## Task statement
Keep images out and repeat all data exactly.

## Provided material
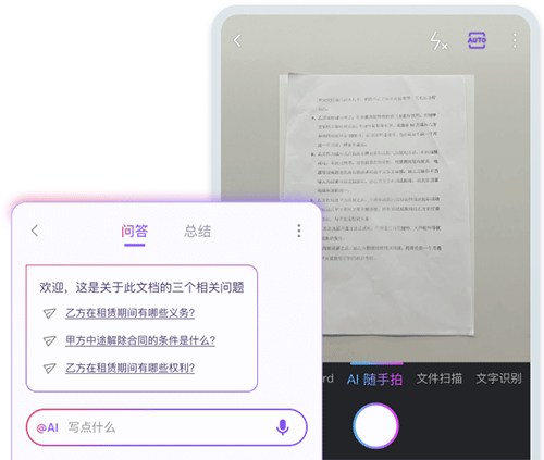 用手机拍下纸质文档,WPS AI 也能快速提炼信息。想要的信息直接问,准确的回答,立刻奉上。
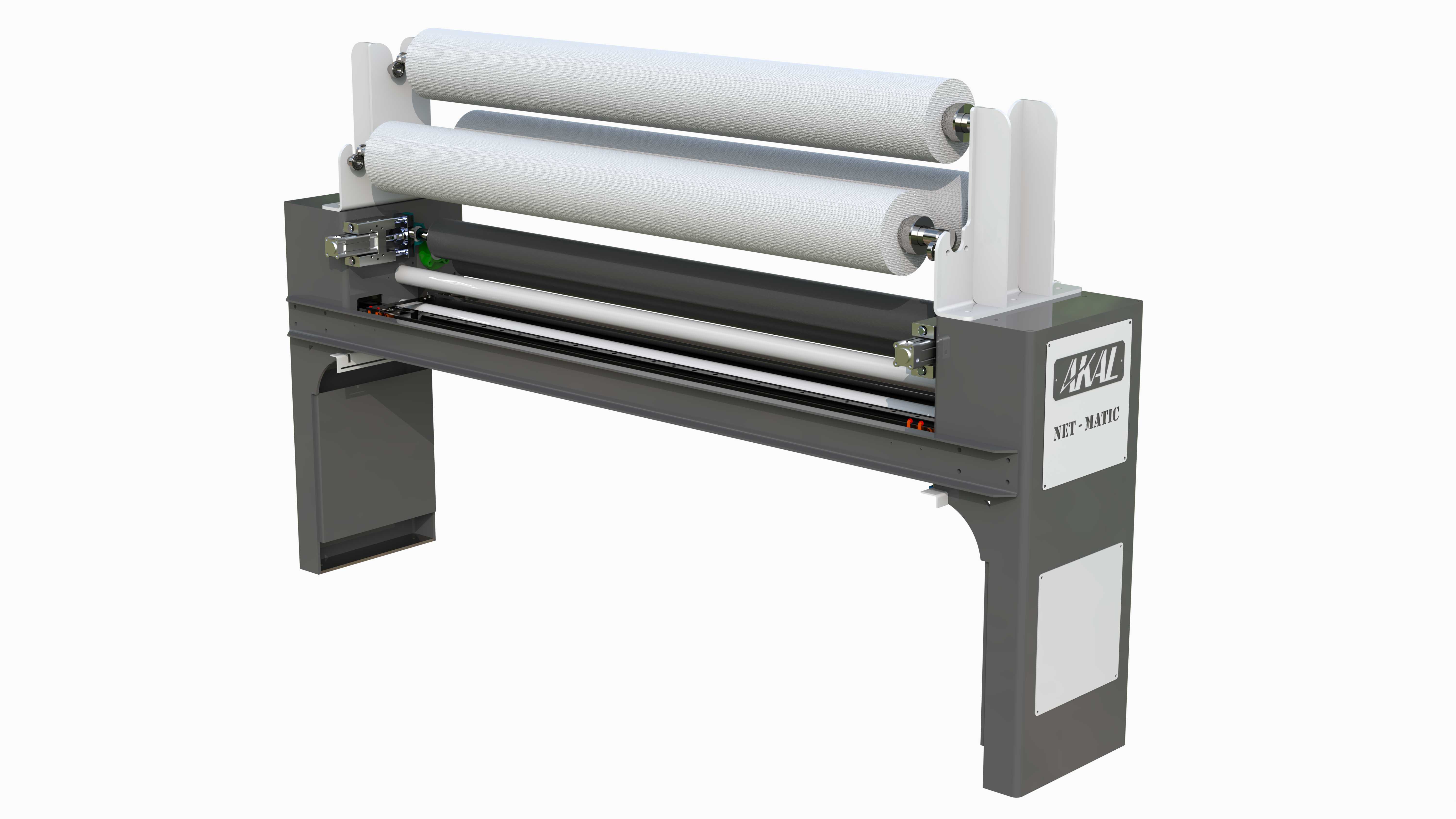 - Um desses eixos é motorizado e desenrola os rolos de malha de fibra de vidro.
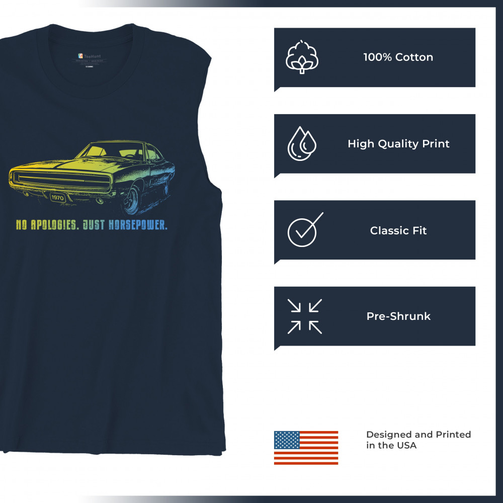 Bold 1970 muscle car design with gradient pop. No apologies, just horsepower—perfect for car shows, gearheads, and performance lovers.

## Exercise answer
 用手机拍下纸质文档,WPS AI 也能快速提炼信息。想要的信息直接问,准确的回答,立刻奉上。
 - Um desses eixos é motorizado e desenrola os rolos de malha de fibra de vidro.
 Bold 1970 muscle car design with gradient pop. No apologies, just horsepower—perfect for car shows, gearheads, and performance lovers.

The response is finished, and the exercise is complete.